GOAL OF THE EXERCISE:
Repeat exactly the lines below that lie between the line with "Fototapeta premium Tuscany" and the line with "The Stratum delivers", counting both of those lines as part of the answer.

+ + + + + + +

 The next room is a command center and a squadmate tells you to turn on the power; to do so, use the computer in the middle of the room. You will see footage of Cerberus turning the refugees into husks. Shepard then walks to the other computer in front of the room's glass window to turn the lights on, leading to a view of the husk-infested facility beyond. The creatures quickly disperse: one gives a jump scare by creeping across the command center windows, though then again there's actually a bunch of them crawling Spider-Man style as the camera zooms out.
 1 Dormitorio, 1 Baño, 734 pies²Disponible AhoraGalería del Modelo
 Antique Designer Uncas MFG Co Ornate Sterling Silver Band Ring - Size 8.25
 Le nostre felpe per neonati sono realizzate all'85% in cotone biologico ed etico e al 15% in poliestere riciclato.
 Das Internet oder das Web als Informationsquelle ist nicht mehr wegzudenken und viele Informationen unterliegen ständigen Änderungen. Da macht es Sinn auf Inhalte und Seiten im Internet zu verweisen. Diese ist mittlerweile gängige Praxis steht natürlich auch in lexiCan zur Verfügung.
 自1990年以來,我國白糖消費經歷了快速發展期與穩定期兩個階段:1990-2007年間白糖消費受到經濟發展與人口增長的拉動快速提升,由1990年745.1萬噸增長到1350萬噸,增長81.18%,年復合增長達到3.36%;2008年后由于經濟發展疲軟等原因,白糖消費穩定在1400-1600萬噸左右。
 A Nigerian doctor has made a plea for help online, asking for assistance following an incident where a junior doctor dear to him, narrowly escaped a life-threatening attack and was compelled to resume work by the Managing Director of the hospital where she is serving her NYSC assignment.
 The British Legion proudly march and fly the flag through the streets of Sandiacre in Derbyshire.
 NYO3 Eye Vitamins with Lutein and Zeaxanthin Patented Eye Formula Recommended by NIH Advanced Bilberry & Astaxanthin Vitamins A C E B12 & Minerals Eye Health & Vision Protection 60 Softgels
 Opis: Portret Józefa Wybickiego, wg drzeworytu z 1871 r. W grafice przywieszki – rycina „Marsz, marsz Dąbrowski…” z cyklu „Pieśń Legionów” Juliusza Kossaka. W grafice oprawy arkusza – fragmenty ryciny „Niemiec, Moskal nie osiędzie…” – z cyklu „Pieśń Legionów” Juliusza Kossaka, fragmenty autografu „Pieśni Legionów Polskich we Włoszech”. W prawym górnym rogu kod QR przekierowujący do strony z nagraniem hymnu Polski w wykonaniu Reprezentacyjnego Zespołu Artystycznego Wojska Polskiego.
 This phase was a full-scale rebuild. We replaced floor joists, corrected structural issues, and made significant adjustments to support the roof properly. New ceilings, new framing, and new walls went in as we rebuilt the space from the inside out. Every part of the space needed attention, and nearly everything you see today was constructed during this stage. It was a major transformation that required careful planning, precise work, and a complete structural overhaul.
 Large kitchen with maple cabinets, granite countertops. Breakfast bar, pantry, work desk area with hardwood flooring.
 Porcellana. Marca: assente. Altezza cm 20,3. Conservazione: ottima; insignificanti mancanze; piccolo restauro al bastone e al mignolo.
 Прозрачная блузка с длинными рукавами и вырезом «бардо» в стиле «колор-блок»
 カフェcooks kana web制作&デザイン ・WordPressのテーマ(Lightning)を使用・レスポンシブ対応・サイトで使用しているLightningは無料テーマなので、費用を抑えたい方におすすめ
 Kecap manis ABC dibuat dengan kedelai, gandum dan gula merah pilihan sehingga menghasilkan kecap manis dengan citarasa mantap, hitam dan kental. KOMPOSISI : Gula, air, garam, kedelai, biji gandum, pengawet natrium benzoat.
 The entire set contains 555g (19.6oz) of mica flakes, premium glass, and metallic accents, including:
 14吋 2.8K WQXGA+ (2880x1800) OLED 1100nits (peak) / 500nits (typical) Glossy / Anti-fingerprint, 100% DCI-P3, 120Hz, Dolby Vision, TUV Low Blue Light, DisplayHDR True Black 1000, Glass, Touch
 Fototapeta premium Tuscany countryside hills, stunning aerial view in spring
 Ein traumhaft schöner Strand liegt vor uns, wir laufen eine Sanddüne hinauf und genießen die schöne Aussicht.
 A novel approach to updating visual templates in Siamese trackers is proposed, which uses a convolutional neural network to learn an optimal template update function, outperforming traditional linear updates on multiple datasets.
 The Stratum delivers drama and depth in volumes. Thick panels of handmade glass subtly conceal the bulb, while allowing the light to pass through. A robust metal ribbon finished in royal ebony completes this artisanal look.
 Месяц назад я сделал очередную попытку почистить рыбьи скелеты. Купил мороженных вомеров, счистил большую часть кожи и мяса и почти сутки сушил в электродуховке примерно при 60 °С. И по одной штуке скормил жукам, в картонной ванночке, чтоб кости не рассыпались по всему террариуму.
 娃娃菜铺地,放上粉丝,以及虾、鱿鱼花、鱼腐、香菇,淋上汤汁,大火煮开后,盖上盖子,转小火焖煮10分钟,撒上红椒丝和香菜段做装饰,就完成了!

+ + + + + + +

EXERCISE ANSWER:
 Fototapeta premium Tuscany countryside hills, stunning aerial view in spring
 Ein traumhaft schöner Strand liegt vor uns, wir laufen eine Sanddüne hinauf und genießen die schöne Aussicht.
 A novel approach to updating visual templates in Siamese trackers is proposed, which uses a convolutional neural network to learn an optimal template update function, outperforming traditional linear updates on multiple datasets.
 The Stratum delivers drama and depth in volumes. Thick panels of handmade glass subtly conceal the bulb, while allowing the light to pass through. A robust metal ribbon finished in royal ebony completes this artisanal look.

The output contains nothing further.